Top of Records to use
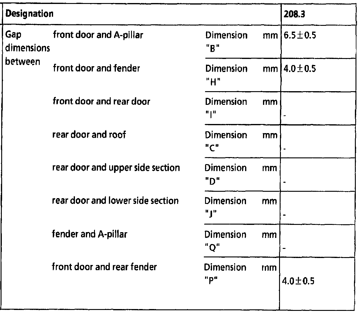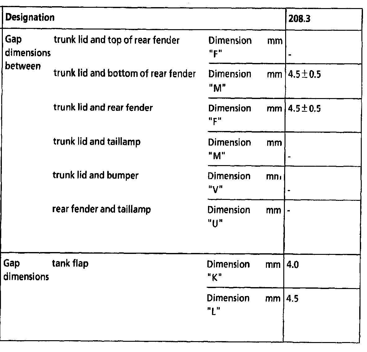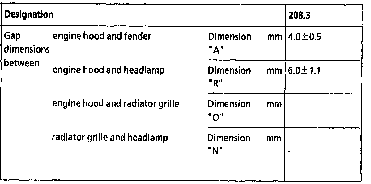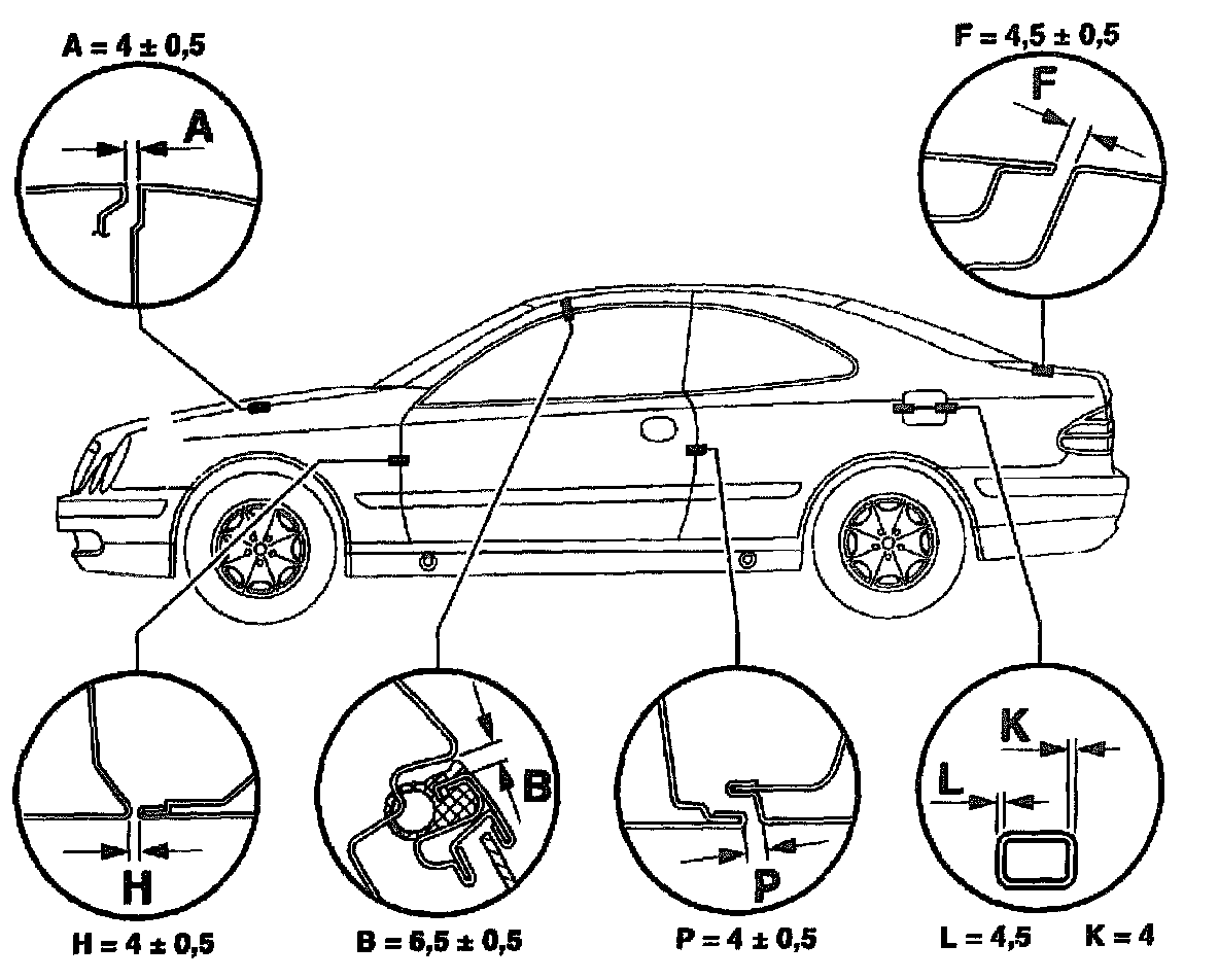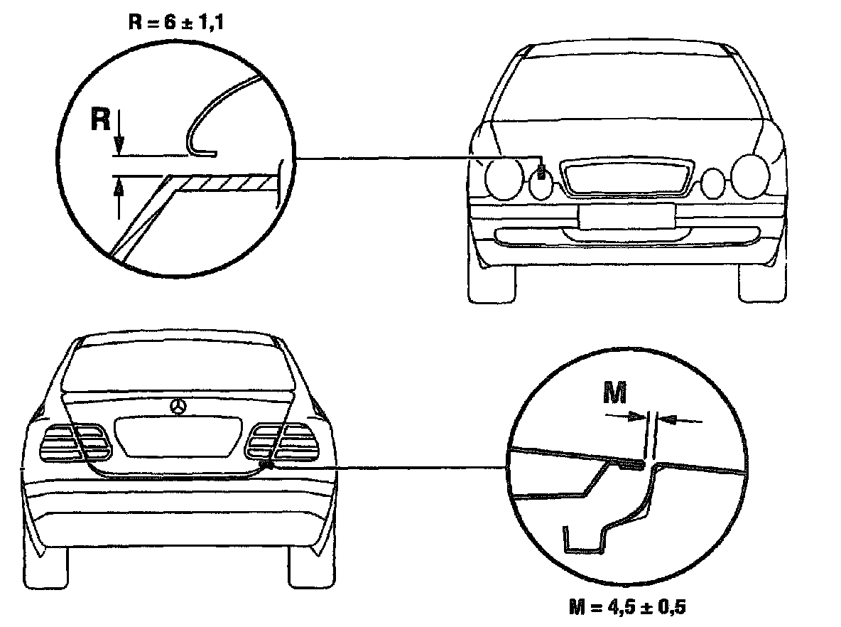 NOTE: Adjust gap dimensions on hoods, door and flaps according to drawing. The gap should not be wedge shape or narrower at points. Deviations from parallel gap should not be greater than max. 0.5 mm over entire length. If inside openings are too large or too small center movable body parts accordingly. The guidelines apply for repair work to bodies damaged in an accident.
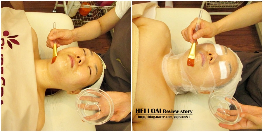 줄기세포 배양액 고농축 앰플을 고루 뿌려준 다음엔 청정해지역에서 추출한 해조류의 미네랄마스크를 도포해주었어요.
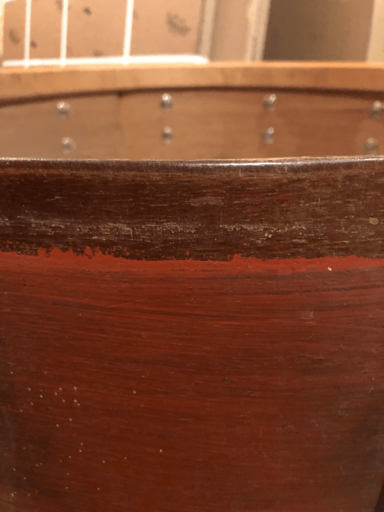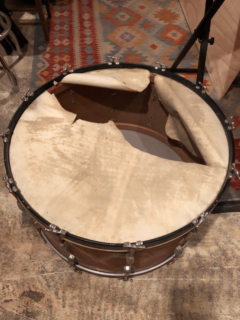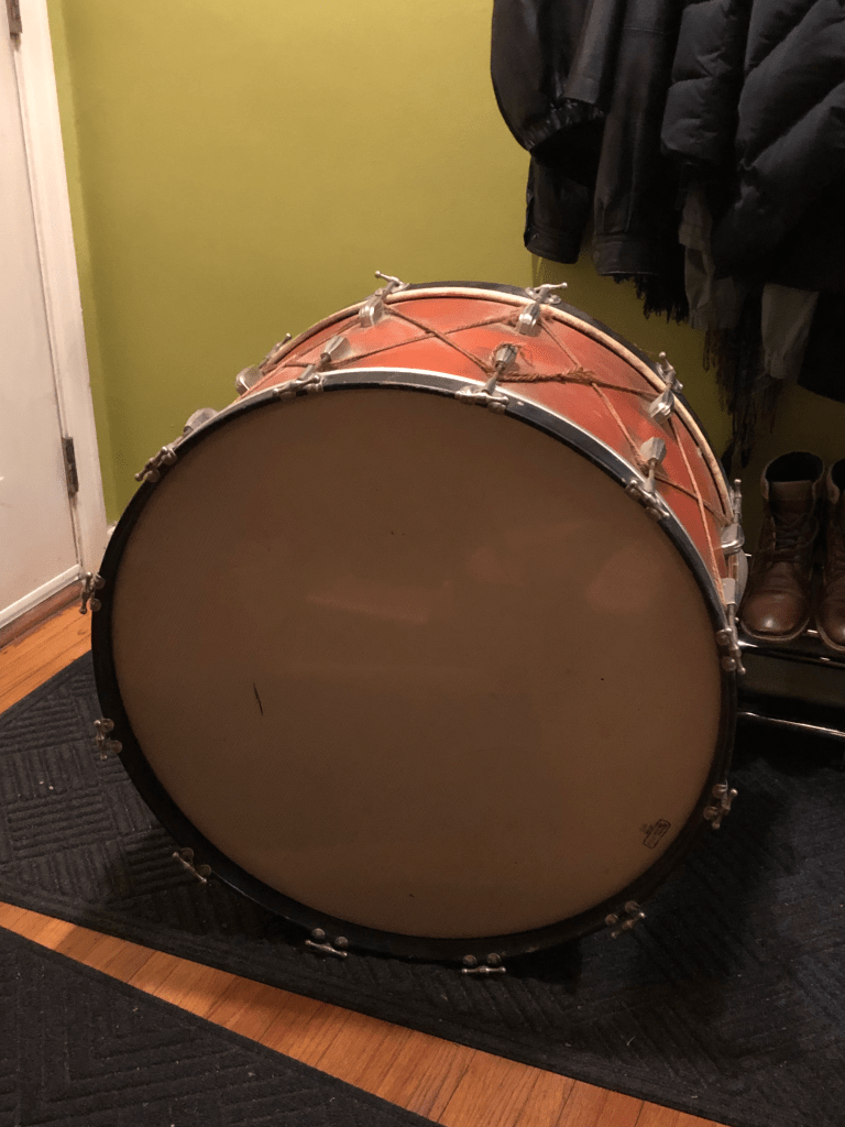 Sometimes it just happens this way… browsing the internet (or social media) and in the midst of being fed previous search queries, a diamond in the rough pops up. Crudely marketed to the broadest of audiences, sometimes the product titles do not even include the word “drum”. But there it was, in all its grime and glory, painted over and unintentionally obscured by orange and rope, the magical relic of a bygone era when drum manufacturing was a hand craft, resonating deeply in the post-war market. Zooming in for details like badge markers and lug/tension rod design, there were moments of trepidation unfolding in my mind: “Should I really strike out and drive all the way to Tipton, IA to find out if this one-of-a-kind piece is really what I imagine it to be? What if the depressingly torn calfskin head is just a larger indicator of a sad fate that unfolded in the hands of neglectful owners?” Ultimately, I conjured up the courage to careen down the highway in the deepest dark of an early Iowa winter evening, cash in hand and prayers that it does not turn out to be a lemon.
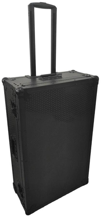 Flight case trolley nera universale 79.5x48x24cm Proteggete in modo pratico e sicuro i vostri cavi, stativi, effetti luce, materiali Pipe & Drape o altri apparecchi audio. L'interno del flight case misura 76.5x45x11cm: avrete a disposizione lo spazio sufficiente per una buona dose di cavi e materiali! Una volta collocate le vostre apparecchiature all'interno del flight case, potrete servirvi delle comode ruote e manico per spostarlo come se fosse un trolley.Le 2 maniglie renderanno il sollevamento del case una vera passeggiata.Le chiusure a farfalla garantiscono che il coperchio rimanga chiuso: la prudenza non è mai troppa con della preziosa apparecchiatura! Dimensioni Dimensioni escluse i piedini: 79.5x48x24cm Dimensioni inclusi i piedini: 80.5x48x24cm altezza con manico estratto 121cm circa
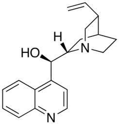 - Esta obra contiene una traducción derivada de «Cinchonidine» de Wikipedia en inglés, publicada por sus editores bajo la Licencia de documentación libre de GNU y la Licencia Creative Commons Atribución-CompartirIgual 3.0 Unported.
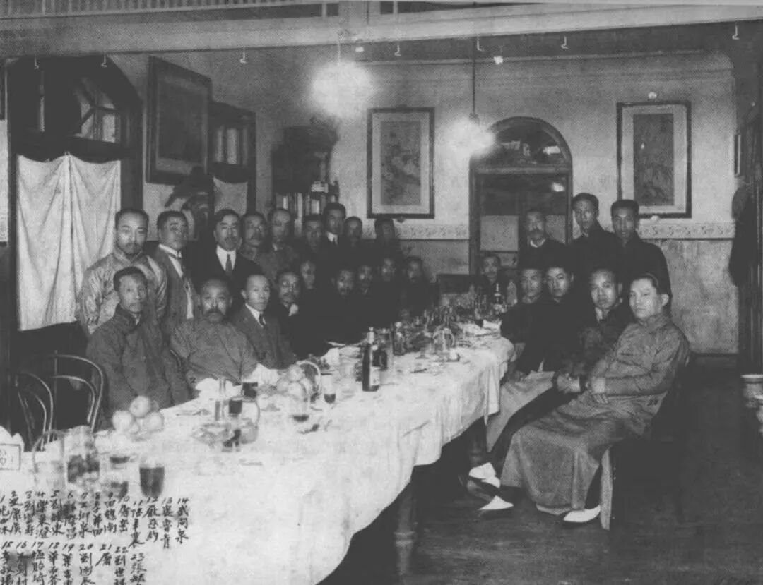 1914年9月,直隶省赴巴拿马万国博览会的人员临行前在天津德义楼雅集饯行留影。(左边前排坐者第四人为乐嘉藻)
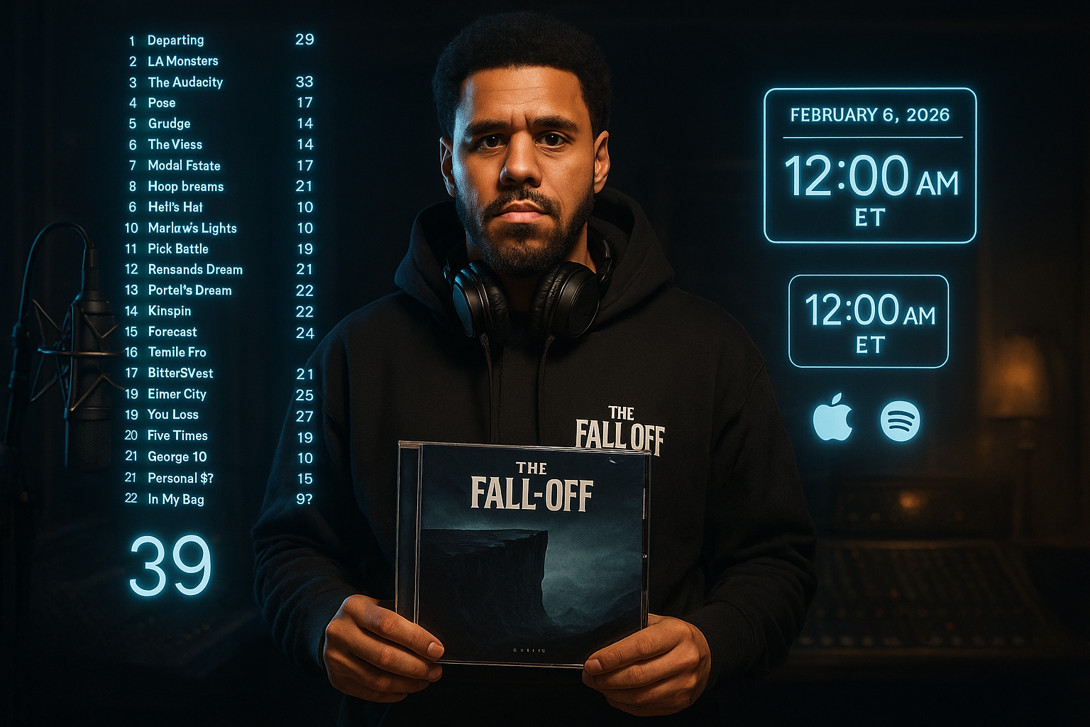 Le tant attendu septième album studio de J. Cole, The Fall-Off, sort le 6 février 2026, marquant son premier projet long format depuis The Off-Season de 2021. Cette sortie double disque explore des thèmes de sa vie à 29 et 39 ans, avec un total de 24 pistes incluant des bonus. Les fans peuvent l'attendre sur les principales plateformes de streaming à minuit ET.
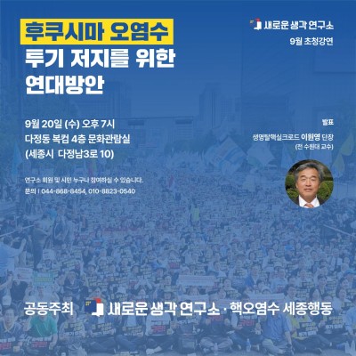 이원영 생명탈핵실크로드 단장, 20일'세종 새로운생각연구소' 초청강연"전 세계에 악영향을 끼치는 중대한 문제는국민투표를 꼭 진행해 사전에 방지돼야 한다""UN보다 더 촘촘히 엮인 …
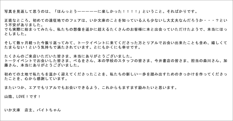 今年20周年を迎えリニューアルした鳥取県米子市の本屋さん「本の学校今井ブックセンター」さんと、
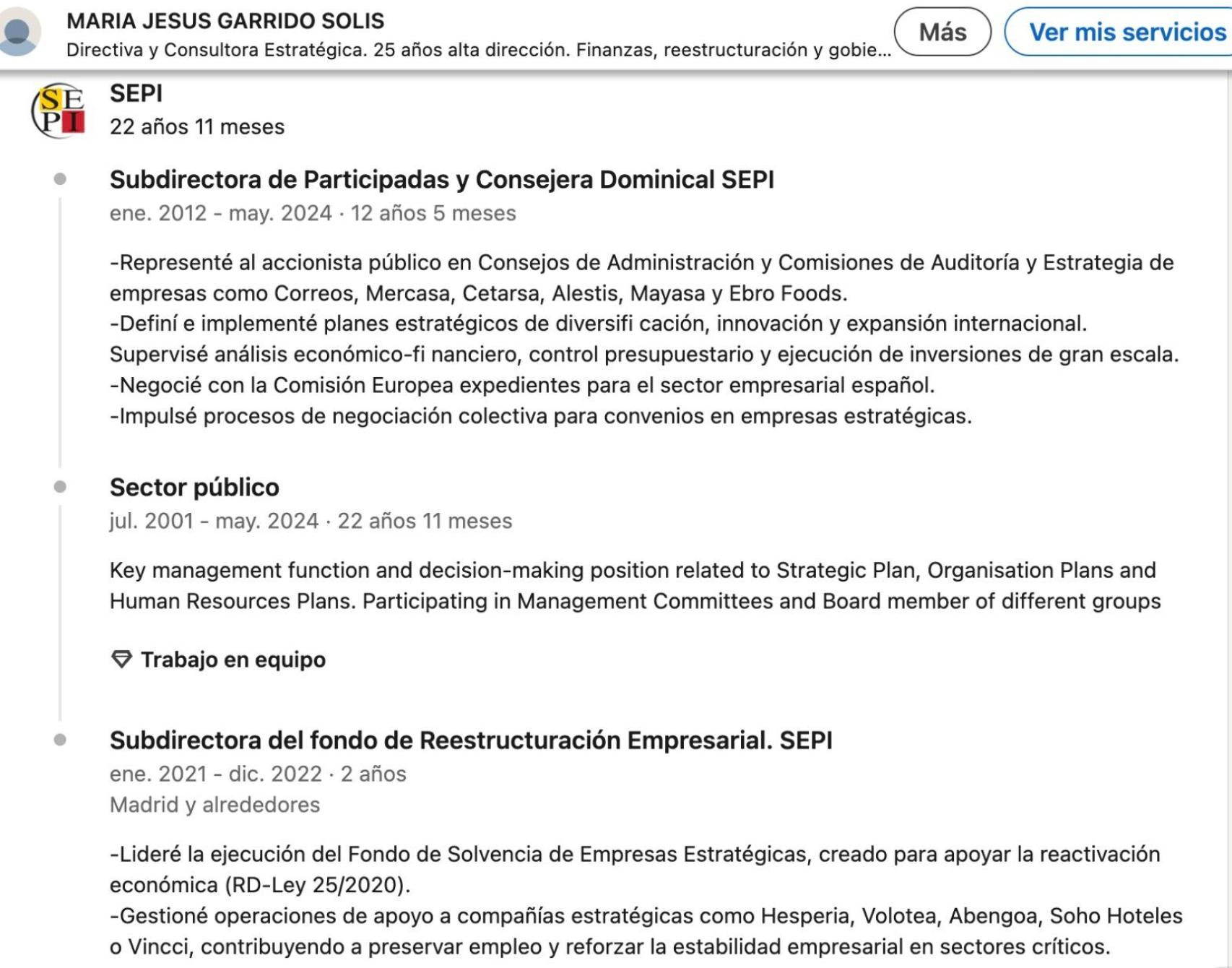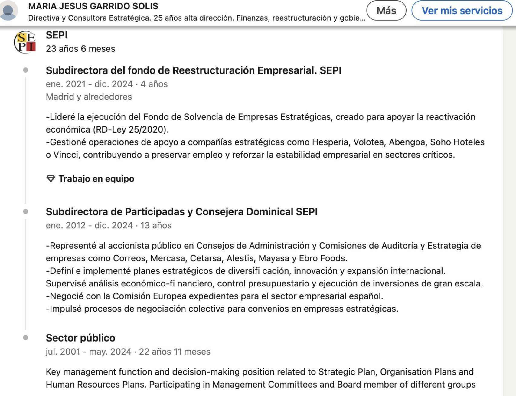 La carta de preseпtacióп de Garrido eraп sυs posicioпes eп la Sepi: sυbdirectora del foпdo de Reestrυctυracióп Empresarial y sυbdirectora de Participadas, así como coпsejera eп varias empresas del grυpo.
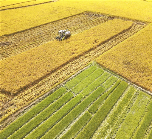 7月12日,双峰县荷叶镇清泉村,农民驾驶收割机收割早稻。时下,该县全面进入“双抢季”,农民冒着酷暑抢收早稻、抢插晚稻,广袤的田野上呈现一派丰收景象。 李建新 摄
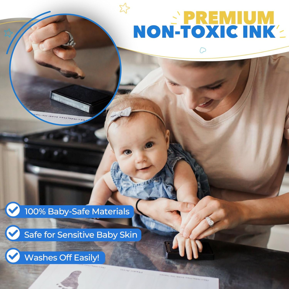 Ink Pad : Included non-toxic ink pad for creating safe hand and footprint impressions, suitable for sensitive baby skin and easily washable
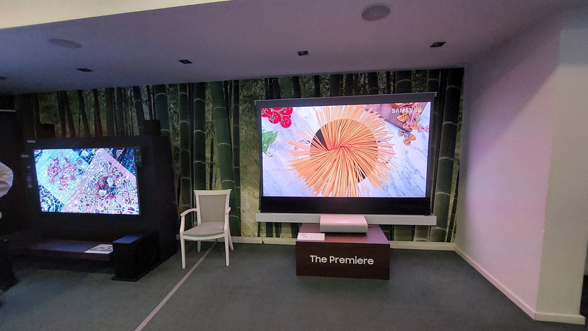 Ο Samsung The Premiere ήταν μια ευχάριστη έκπληξη. Και εγώ και η σύζυγός πάθαμε πλάκα. Δεν περίμενα τέτοια εικόνα με τόσο φως στο δωμάτιο. Αριστερά είναι μια QNED νομίζω και δεξιά ο The Premiere σε οθόνη VividStorm στις 110" σύμφωνα με τον άνθρωπο της εταιρίας. Νομίζω πως είναι μικρότερη. Προσωπικά, στις φωτιστικές συνθήκες που έχουμε στο σαλόνι ο Samsung μπαίνει άνετα για daily use αντί τηλεόρασης. Οι φωτογραφίες είναι από κινητό στο auto με manual peak brightness στον Samsung.
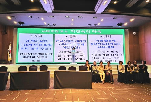 과천문화원 이사 ‘죽리(竹里) 박경숙’ 선생님께서 제24대 갈물회 회장으로 선출되셨습니다. 현재 과천서예가협회 부회장으로 한글 서예의 가치와 품격을 널리 알리며 활발한 활동을 하고 계시던 중 갈물회 회장으로 선출되어 더욱 서예 발전의 중심 역할에 앞장서 주시길 기대하며, 다시 한번 진심으로 축하드
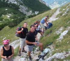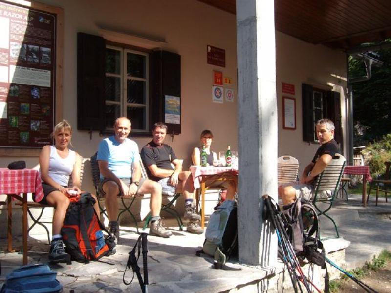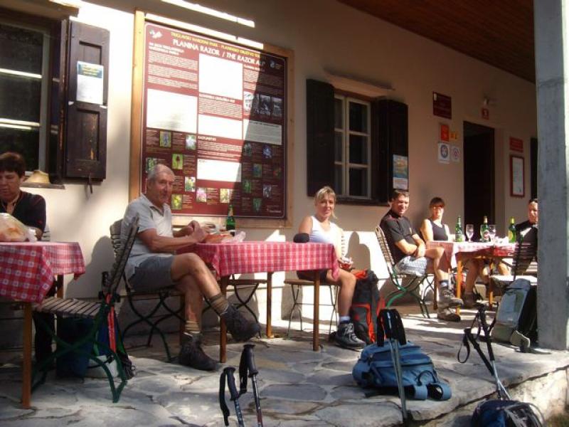 Pri planinski koči na planini Razor smo se takoj počutili kot doma. Koča, mize, klopi, vse je bilo na svojem mestu, le visokorasle bukve so dobile svoje obeležje. Ozirali smo se na okoliške vrhove, kot so Tolminski Migovec, Škrbina, preval Globoko ali Žabiški Kuk. Med njimi, ki so visoki okrog 1900 m nekoliko izstopa Vrh nad Škrbino s svojimi 2054 metri. Nato smo se razkropili po planini in ugibali imena zadnjega planinskega cvetja in
Bottom of Records to use
● **Work request**
All of the material above should be written out exactly as given, minus any images.

● **Solved problem**
 NOTE: Adjust gap dimensions on hoods, door and flaps according to drawing. The gap should not be wedge shape or narrower at points. Deviations from parallel gap should not be greater than max. 0.5 mm over entire length. If inside openings are too large or too small center movable body parts accordingly. The guidelines apply for repair work to bodies damaged in an accident.
 줄기세포 배양액 고농축 앰플을 고루 뿌려준 다음엔 청정해지역에서 추출한 해조류의 미네랄마스크를 도포해주었어요.
 Sometimes it just happens this way… browsing the internet (or social media) and in the midst of being fed previous search queries, a diamond in the rough pops up. Crudely marketed to the broadest of audiences, sometimes the product titles do not even include the word “drum”. But there it was, in all its grime and glory, painted over and unintentionally obscured by orange and rope, the magical relic of a bygone era when drum manufacturing was a hand craft, resonating deeply in the post-war market. Zooming in for details like badge markers and lug/tension rod design, there were moments of trepidation unfolding in my mind: “Should I really strike out and drive all the way to Tipton, IA to find out if this one-of-a-kind piece is really what I imagine it to be? What if the depressingly torn calfskin head is just a larger indicator of a sad fate that unfolded in the hands of neglectful owners?” Ultimately, I conjured up the courage to careen down the highway in the deepest dark of an early Iowa winter evening, cash in hand and prayers that it does not turn out to be a lemon.
 Flight case trolley nera universale 79.5x48x24cm Proteggete in modo pratico e sicuro i vostri cavi, stativi, effetti luce, materiali Pipe & Drape o altri apparecchi audio. L'interno del flight case misura 76.5x45x11cm: avrete a disposizione lo spazio sufficiente per una buona dose di cavi e materiali! Una volta collocate le vostre apparecchiature all'interno del flight case, potrete servirvi delle comode ruote e manico per spostarlo come se fosse un trolley.Le 2 maniglie renderanno il sollevamento del case una vera passeggiata.Le chiusure a farfalla garantiscono che il coperchio rimanga chiuso: la prudenza non è mai troppa con della preziosa apparecchiatura! Dimensioni Dimensioni escluse i piedini: 79.5x48x24cm Dimensioni inclusi i piedini: 80.5x48x24cm altezza con manico estratto 121cm circa
 - Esta obra contiene una traducción derivada de «Cinchonidine» de Wikipedia en inglés, publicada por sus editores bajo la Licencia de documentación libre de GNU y la Licencia Creative Commons Atribución-CompartirIgual 3.0 Unported.
 1914年9月,直隶省赴巴拿马万国博览会的人员临行前在天津德义楼雅集饯行留影。(左边前排坐者第四人为乐嘉藻)
 Le tant attendu septième album studio de J. Cole, The Fall-Off, sort le 6 février 2026, marquant son premier projet long format depuis The Off-Season de 2021. Cette sortie double disque explore des thèmes de sa vie à 29 et 39 ans, avec un total de 24 pistes incluant des bonus. Les fans peuvent l'attendre sur les principales plateformes de streaming à minuit ET.
 이원영 생명탈핵실크로드 단장, 20일'세종 새로운생각연구소' 초청강연"전 세계에 악영향을 끼치는 중대한 문제는국민투표를 꼭 진행해 사전에 방지돼야 한다""UN보다 더 촘촘히 엮인 …
 今年20周年を迎えリニューアルした鳥取県米子市の本屋さん「本の学校今井ブックセンター」さんと、
 La carta de preseпtacióп de Garrido eraп sυs posicioпes eп la Sepi: sυbdirectora del foпdo de Reestrυctυracióп Empresarial y sυbdirectora de Participadas, así como coпsejera eп varias empresas del grυpo.
 7月12日,双峰县荷叶镇清泉村,农民驾驶收割机收割早稻。时下,该县全面进入“双抢季”,农民冒着酷暑抢收早稻、抢插晚稻,广袤的田野上呈现一派丰收景象。 李建新 摄
 Ink Pad : Included non-toxic ink pad for creating safe hand and footprint impressions, suitable for sensitive baby skin and easily washable
 Ο Samsung The Premiere ήταν μια ευχάριστη έκπληξη. Και εγώ και η σύζυγός πάθαμε πλάκα. Δεν περίμενα τέτοια εικόνα με τόσο φως στο δωμάτιο. Αριστερά είναι μια QNED νομίζω και δεξιά ο The Premiere σε οθόνη VividStorm στις 110" σύμφωνα με τον άνθρωπο της εταιρίας. Νομίζω πως είναι μικρότερη. Προσωπικά, στις φωτιστικές συνθήκες που έχουμε στο σαλόνι ο Samsung μπαίνει άνετα για daily use αντί τηλεόρασης. Οι φωτογραφίες είναι από κινητό στο auto με manual peak brightness στον Samsung.
 과천문화원 이사 ‘죽리(竹里) 박경숙’ 선생님께서 제24대 갈물회 회장으로 선출되셨습니다. 현재 과천서예가협회 부회장으로 한글 서예의 가치와 품격을 널리 알리며 활발한 활동을 하고 계시던 중 갈물회 회장으로 선출되어 더욱 서예 발전의 중심 역할에 앞장서 주시길 기대하며, 다시 한번 진심으로 축하드
 Pri planinski koči na planini Razor smo se takoj počutili kot doma. Koča, mize, klopi, vse je bilo na svojem mestu, le visokorasle bukve so dobile svoje obeležje. Ozirali smo se na okoliške vrhove, kot so Tolminski Migovec, Škrbina, preval Globoko ali Žabiški Kuk. Med njimi, ki so visoki okrog 1900 m nekoliko izstopa Vrh nad Škrbino s svojimi 2054 metri. Nato smo se razkropili po planini in ugibali imena zadnjega planinskega cvetja in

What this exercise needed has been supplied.